The writer, a former deputy governor of the Central Bank of Nigeria, was a presidential candidate in Nigeria’s 2019 general elections
A crackdown by Nigerian security forces in Lagos on peaceful protests against police brutality has revealed a dismal truth: the number one job of the police in Africa’s most populous country is regime protection, and the lives of citizens have little value.

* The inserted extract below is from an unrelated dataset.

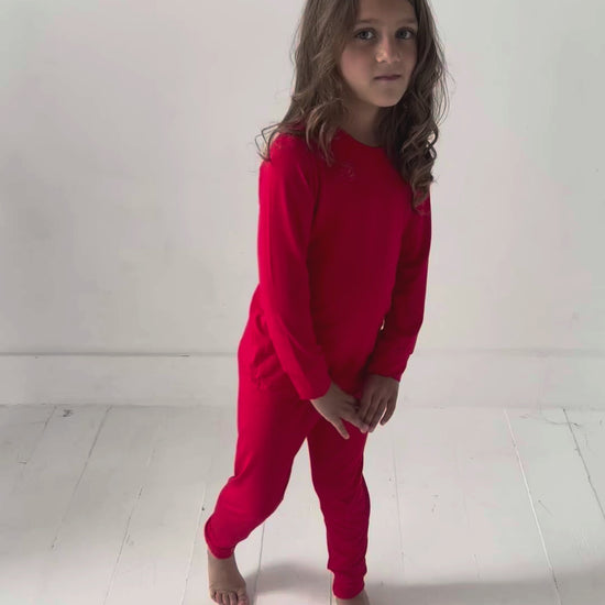 Wrap your little one in the warmth of the holidays with our solid red and green bamboo two-piece pajamas — a timeless classic made for memory-making moments.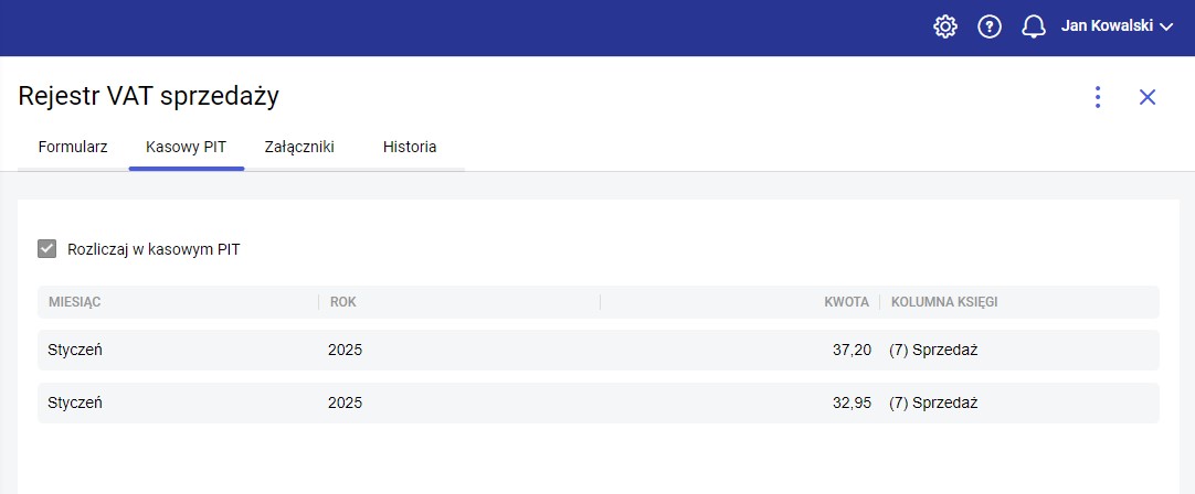 Na zakładce dostępny jest parametr Rozliczaj w kasowym PIT, służący do kwalifikowania dokumentu do rozliczania w PIT według metody kasowej, oraz tabelka pokazująca poszczególne zapłaty za dokument. Parametr Rozliczaj w kasowym PIT będzie domyślnie zaznaczony, jeżeli: Tabelka widoczna na zakładce Kasowy PIT będzie uzupełniała się automatycznie na podstawie rozliczonych zapłat. W tabelce dostępne będą wartości dotyczące: miesiąca, roku i kwoty zakwalifikowanej do rozliczenia w PIT, Kolumny księgi lub Stawki ryczałtu, do której wartość jest lub będzie zaksięgowana, oraz wysokości % kwoty księgowanej w koszty (dotyczy Rejestru zakupów i Ewidencji kosztów). Zapis księgowy w Księdze podatkowej lub Ewidencji ryczałtowej będzie powstawał pod datą rozliczenia dokumentu z zapłatą. Usunięcie rozliczenia będzie skutkowało usunięciem zapisu księgowego. Rozliczony dokument będzie można również odksięgować ręcznie, jeśli zajdzie potrzeba naniesienia na nim jakiś zmian, po czym zaksięgować ponownie .

This month, Nigerians have protested against the country’s notorious police unit, the Special Anti-Robbery Squad, with cries of “End Sars!”. On Tuesday, curfews were imposed by the state government and reports of shootings spread on social media. Amnesty International is investigating at least 10 deaths since the protests began; hundreds more are injured. The outcome could reshape Nigeria’s future.
There were echoes of the Black Lives Matter protests in the US over the summer, but in Nigeria the unrest has nothing to do with racism and everything to do with a culture of authoritarianism and corruption in a formal democracy where state power has very few limits.
The notorious Sars police unit was set up in the early 1990s as an elite force to combat robbery and banditry by terrorists and militias. But it has developed a reputation over the past decade for brutal killings, beatings and extortions of innocent young Nigerians.
The force is ill-trained, poorly equipped to fight crime and notoriously corrupt. The International Political Science Association’s World Internal Security and Police Index has ranked Nigeria as having the worst police force in the world.
Young Nigerians are enterprising, innovative and fun-loving, but they are also frustrated by rising unemployment and poverty. They have had enough of the heavy hand of police brutality and their rage has boiled over. But the crisis reflects a deeper one: of ineffective governance. In the absence of a social contract between the government and the governed, Nigerian youth feel alienated. With youth unemployment at 35 per cent, and many graduates unable to find work, migrating to foreign countries seems more attractive. Some have fallen victim to human trafficking as they seek opportunities abroad.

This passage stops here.